Печальное и хмурое выражение стало вечной маской этого человека.
— Я до сих пор жив, потому что это есть часть моего приговора. Тем не менее мое покаяние не может изменить моей участи.
— Нет, но зато ты можешь помочь сохранить жизнь нам. Для него. — Дункан подтолкнул вперед Пауля и сам прошел через ворота на территорию, огороженную толстыми высокими стенами.
От имени герцога они попросили убежища, и сестры-затворницы неохотно предоставили им его, но гостеприимство их было весьма холодным. Женщины, обитавшие здесь, в большинстве своем были одеты в мешковатую неудобную черную одежду, многие носили мантильи, некоторые же покрывали голову и лицо сетчатой вуалью. Говорили они мало, обычно молчали. В отношениях с гостями они скорее строили баррикады, а не наводили мосты.
Сестры-затворницы практически не общались с окружающим миром, хотя были искусными мастерицами в изготовлении ковров ручной работы. Говорили, что большинство женщин явилось сюда по причине психических травм, последствия которых они не могли перенести в миру. Пауль решил, что они вместе отгородились от мира, чтобы сообща переживать свое горе и искать друг у друга защиты.
На закате тревожную тишину монастыря нарушал звон медного колокола, созывавший сестер на вечернюю трапезу за большим общим столом. Еда была простая — хлеб, фрукты, овощи и засоленная рыба. Еду сестры запивали родниковой водой, поступавшей из джунглей по водопроводной трубе.
Гойре ужинал за отдельным столом в дальнем конце столовой, избегая общества двоих гостей. Очевидно, он не имел права сидеть за одним столом с сестрами. Приговоренный к ссылке в монастырь после смерти Виктора и Кайл ей, он был одним из немногих мужчин, постоянно проживавших здесь.
Большое кресло во главе стола осталось пустым, и Пауль подумал, соизволит ли бабушка показаться им на глаза или решит, что они оба не стоят ее внимания. Мальчику очень хотелось познакомиться с этой женщиной, имя которой так редко упоминалось в замке. Он приставал с расспросами и к Гурни, и к Суфиру, и к Дункану, но всякий раз получал лишь короткие невразумительные ответы.
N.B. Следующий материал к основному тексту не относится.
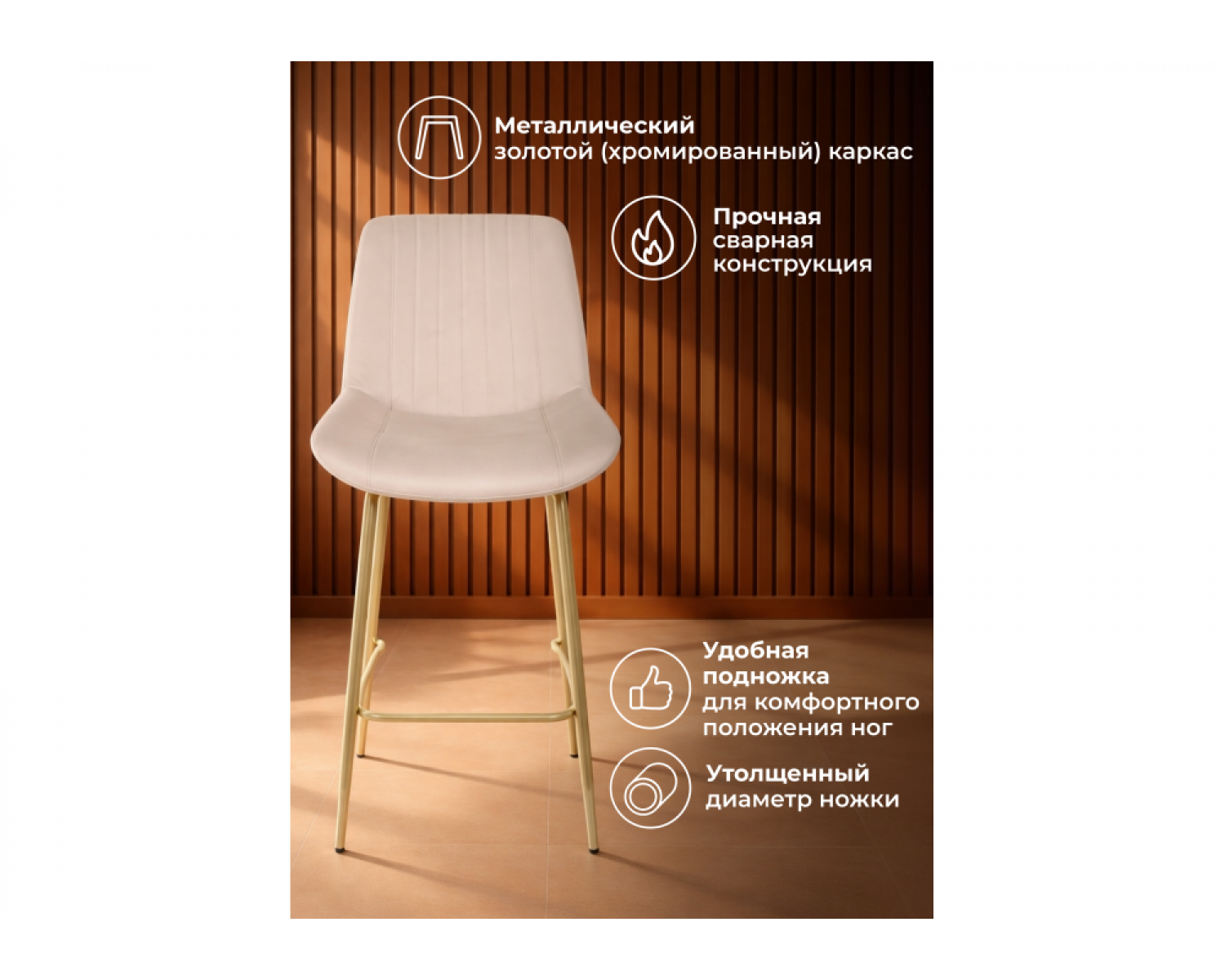 Полубарный стул Седа бежевый (zd 210) / золотой идеально впишется в любой интерьер, украшая повседневную жизнь. Уникальный дизайн и трендовый цвет создаст ощущение уюта и тепла в любом помещении.

Вдруг, словно повинуясь какому-то телепатическому сигналу, все сестры одновременно повернули головы в сторону деревянной двери в дальнем конце зала. Дверь открылась, и в трапезную вошла высокая женщина в капюшоне.
Лицо ее было прикрыто сетчатой вуалью, воротник черной накидки был украшен ришезскими блестками.
Настоятельница села на свое место, не проронив ни слова. Интересно, подумал Пауль, представится ли она, задаст ли ему какие-нибудь вопросы? Рука Дункана сжалась в кулак.
После долгой неприятной паузы женщина подняла затянутые в черные перчатки руки, взялась за капюшон, застыла на мгновение в нерешительности, потом откинула капюшон назад, открыв волнистые темно-каштановые с проседью волосы, а затем сняла и вуаль, прикрывавшую лицо. Пауль впервые увидел свою бабушку по отцовской линии.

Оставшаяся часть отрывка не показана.